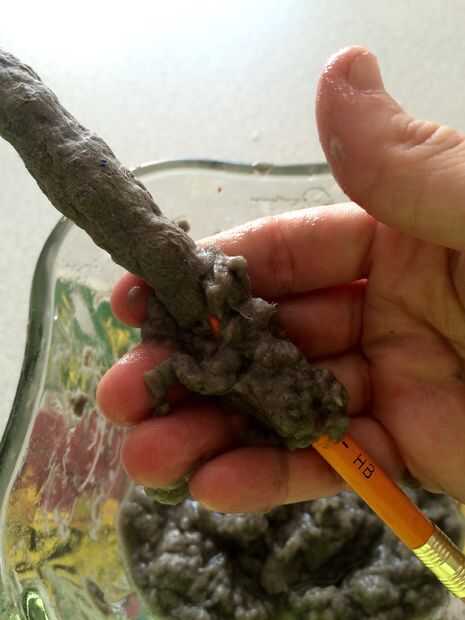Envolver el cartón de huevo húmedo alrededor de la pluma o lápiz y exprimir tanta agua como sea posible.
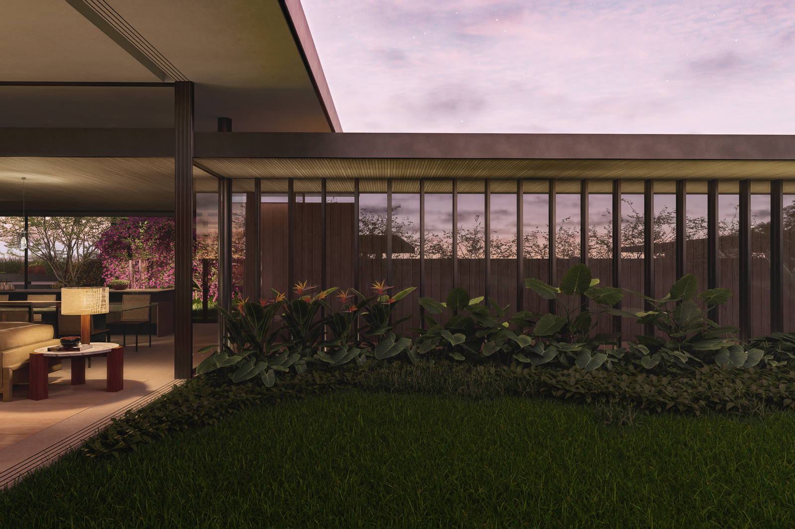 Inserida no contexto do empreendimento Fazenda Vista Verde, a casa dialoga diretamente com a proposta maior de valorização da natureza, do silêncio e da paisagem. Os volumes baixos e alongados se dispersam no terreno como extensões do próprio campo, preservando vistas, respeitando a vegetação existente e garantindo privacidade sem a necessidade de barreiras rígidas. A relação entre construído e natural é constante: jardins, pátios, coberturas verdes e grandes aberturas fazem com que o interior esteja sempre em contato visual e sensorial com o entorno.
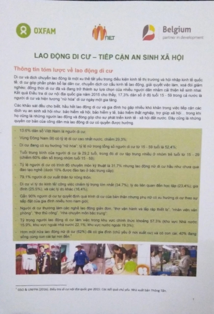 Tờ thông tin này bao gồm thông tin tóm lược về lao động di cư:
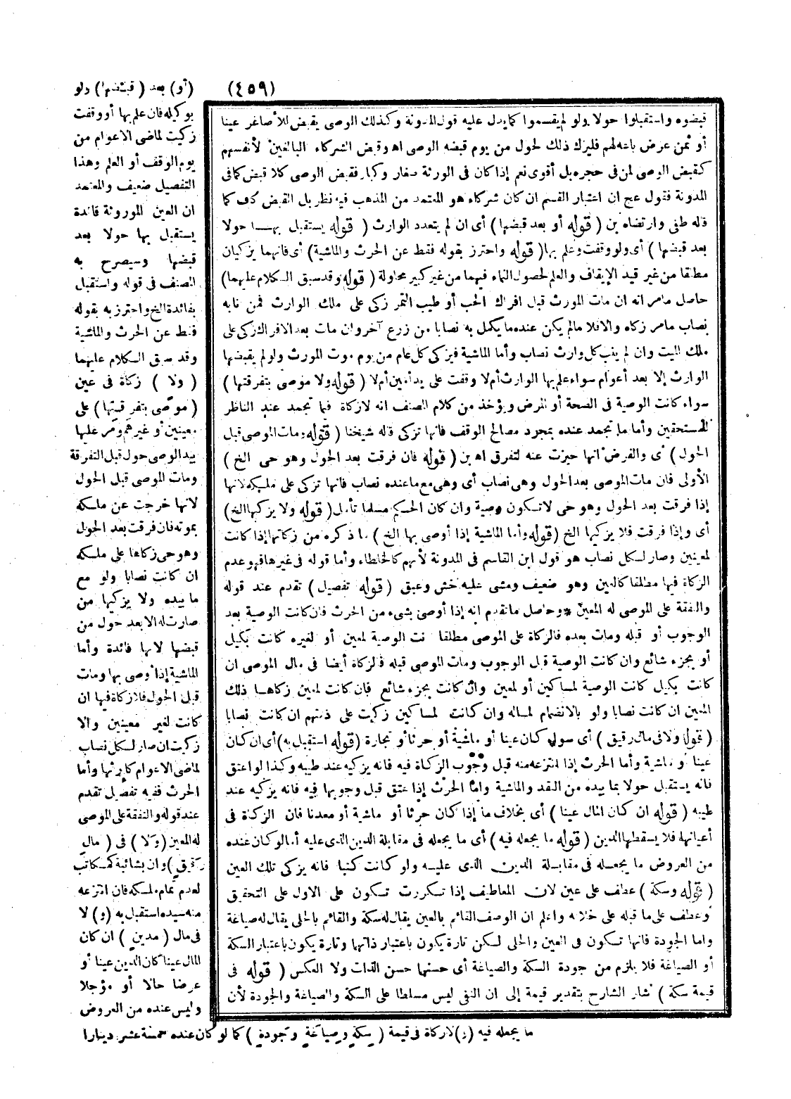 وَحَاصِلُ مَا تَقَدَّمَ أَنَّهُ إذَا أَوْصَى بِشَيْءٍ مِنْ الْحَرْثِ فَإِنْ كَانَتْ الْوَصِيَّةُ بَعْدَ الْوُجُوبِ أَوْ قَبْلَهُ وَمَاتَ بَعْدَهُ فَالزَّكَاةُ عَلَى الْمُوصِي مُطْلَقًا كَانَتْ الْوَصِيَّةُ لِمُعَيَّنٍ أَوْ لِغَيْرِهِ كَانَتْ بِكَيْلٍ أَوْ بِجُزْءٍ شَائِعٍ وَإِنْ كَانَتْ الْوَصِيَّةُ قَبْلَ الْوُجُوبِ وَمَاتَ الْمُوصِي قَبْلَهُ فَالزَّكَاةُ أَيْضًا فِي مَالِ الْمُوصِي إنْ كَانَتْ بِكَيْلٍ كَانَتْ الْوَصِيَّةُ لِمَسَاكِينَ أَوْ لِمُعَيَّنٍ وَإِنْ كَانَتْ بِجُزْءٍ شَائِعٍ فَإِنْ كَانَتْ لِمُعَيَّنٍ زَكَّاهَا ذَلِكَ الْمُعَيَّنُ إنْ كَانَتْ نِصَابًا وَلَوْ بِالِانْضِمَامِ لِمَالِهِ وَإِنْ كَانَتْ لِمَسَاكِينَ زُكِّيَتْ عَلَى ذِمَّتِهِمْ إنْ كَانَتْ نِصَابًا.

* * *

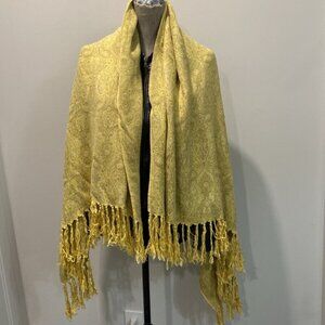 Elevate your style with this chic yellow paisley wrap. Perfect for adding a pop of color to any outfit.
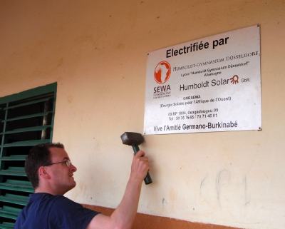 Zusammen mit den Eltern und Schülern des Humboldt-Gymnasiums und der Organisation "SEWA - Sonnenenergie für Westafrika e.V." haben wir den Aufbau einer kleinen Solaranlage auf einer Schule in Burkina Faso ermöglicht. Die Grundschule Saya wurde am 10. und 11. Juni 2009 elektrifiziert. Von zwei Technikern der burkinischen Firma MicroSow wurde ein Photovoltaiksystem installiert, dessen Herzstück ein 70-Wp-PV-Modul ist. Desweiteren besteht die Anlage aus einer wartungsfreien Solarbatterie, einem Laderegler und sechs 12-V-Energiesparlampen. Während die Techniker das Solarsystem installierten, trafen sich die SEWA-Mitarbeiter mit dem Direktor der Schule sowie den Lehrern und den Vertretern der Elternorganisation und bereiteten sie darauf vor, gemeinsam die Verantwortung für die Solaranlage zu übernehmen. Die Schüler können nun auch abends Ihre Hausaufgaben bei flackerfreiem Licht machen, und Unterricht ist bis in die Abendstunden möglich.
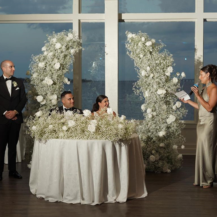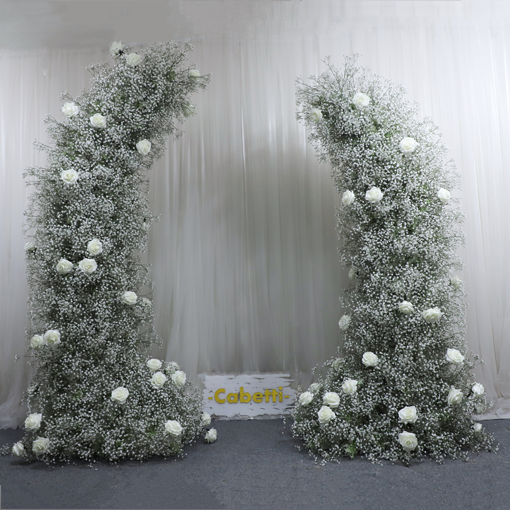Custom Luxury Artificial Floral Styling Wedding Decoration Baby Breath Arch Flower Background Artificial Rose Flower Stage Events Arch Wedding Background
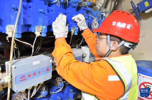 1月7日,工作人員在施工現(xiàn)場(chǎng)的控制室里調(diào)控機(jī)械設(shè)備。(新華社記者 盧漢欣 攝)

• **WHAT THE EXERCISE ASKS**
Transcribe, exactly and without pictures, everything in the data from the line with "Envolver el cartón" down to the line with "وَحَاصِلُ مَا تَقَدَّمَ", both included.

• **RESPONSE BOX**
Envolver el cartón de huevo húmedo alrededor de la pluma o lápiz y exprimir tanta agua como sea posible.
 Inserida no contexto do empreendimento Fazenda Vista Verde, a casa dialoga diretamente com a proposta maior de valorização da natureza, do silêncio e da paisagem. Os volumes baixos e alongados se dispersam no terreno como extensões do próprio campo, preservando vistas, respeitando a vegetação existente e garantindo privacidade sem a necessidade de barreiras rígidas. A relação entre construído e natural é constante: jardins, pátios, coberturas verdes e grandes aberturas fazem com que o interior esteja sempre em contato visual e sensorial com o entorno.
 Tờ thông tin này bao gồm thông tin tóm lược về lao động di cư:
 وَحَاصِلُ مَا تَقَدَّمَ أَنَّهُ إذَا أَوْصَى بِشَيْءٍ مِنْ الْحَرْثِ فَإِنْ كَانَتْ الْوَصِيَّةُ بَعْدَ الْوُجُوبِ أَوْ قَبْلَهُ وَمَاتَ بَعْدَهُ فَالزَّكَاةُ عَلَى الْمُوصِي مُطْلَقًا كَانَتْ الْوَصِيَّةُ لِمُعَيَّنٍ أَوْ لِغَيْرِهِ كَانَتْ بِكَيْلٍ أَوْ بِجُزْءٍ شَائِعٍ وَإِنْ كَانَتْ الْوَصِيَّةُ قَبْلَ الْوُجُوبِ وَمَاتَ الْمُوصِي قَبْلَهُ فَالزَّكَاةُ أَيْضًا فِي مَالِ الْمُوصِي إنْ كَانَتْ بِكَيْلٍ كَانَتْ الْوَصِيَّةُ لِمَسَاكِينَ أَوْ لِمُعَيَّنٍ وَإِنْ كَانَتْ بِجُزْءٍ شَائِعٍ فَإِنْ كَانَتْ لِمُعَيَّنٍ زَكَّاهَا ذَلِكَ الْمُعَيَّنُ إنْ كَانَتْ نِصَابًا وَلَوْ بِالِانْضِمَامِ لِمَالِهِ وَإِنْ كَانَتْ لِمَسَاكِينَ زُكِّيَتْ عَلَى ذِمَّتِهِمْ إنْ كَانَتْ نِصَابًا.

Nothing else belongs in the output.